PhotonLib includes a ``PhotonPoseEstimator`` class, which allows you to combine the pose data from all tags in view in order to get a field relative pose. The ``PhotonPoseEstimator`` class works with one camera per object instance, but more than one instance may be created.

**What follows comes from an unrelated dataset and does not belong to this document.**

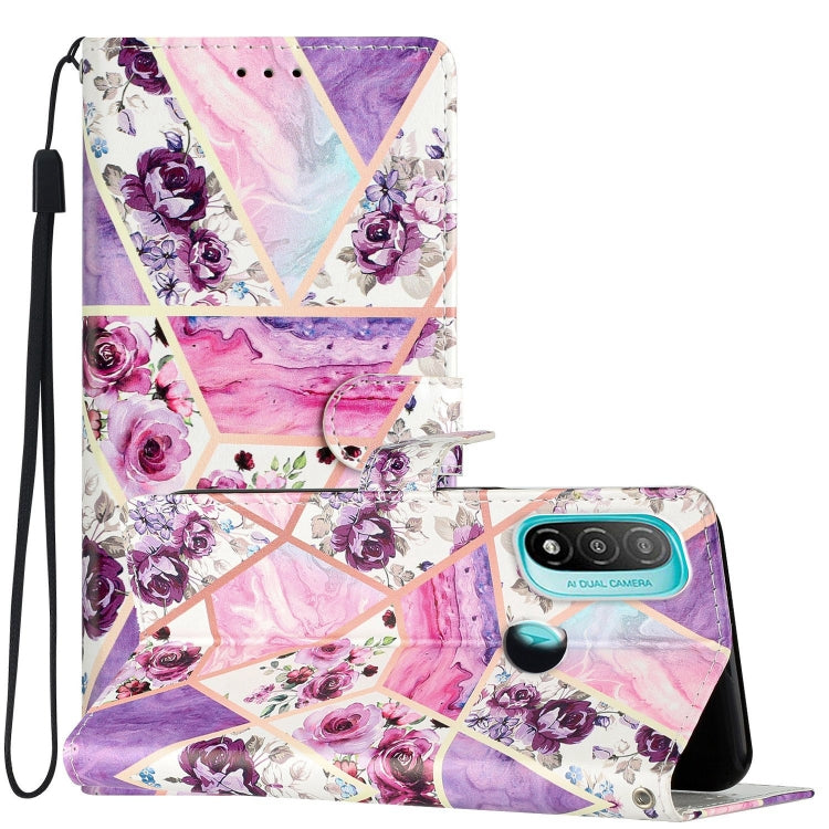Estuche para Motorola Moto E20 E30 E40 de Cuero con Dibujo Coloreado (Mármol Púrpura)

Creating an ``AprilTagFieldLayout``
-----------------------------------
``AprilTagFieldLayout`` is used to represent a layout of AprilTags within a space (field, shop at home, classroom, etc.). WPILib provides a JSON that describes the layout of AprilTags on the field which you can then use in the AprilTagFieldLayout constructor. You can also specify a custom layout.
The API documentation can be found in here: `Java <https://github.wpilib.org/allwpilib/docs/release/java/edu/wpi/first/apriltag/AprilTagFieldLayout.html>`_ and `C++ <https://github.wpilib.org/allwpilib/docs/release/cpp/classfrc_1_1_april_tag_field_layout.html>`_.
.. tab-set-code::
.. code-block:: java
// The field from AprilTagFields will be different depending on the game.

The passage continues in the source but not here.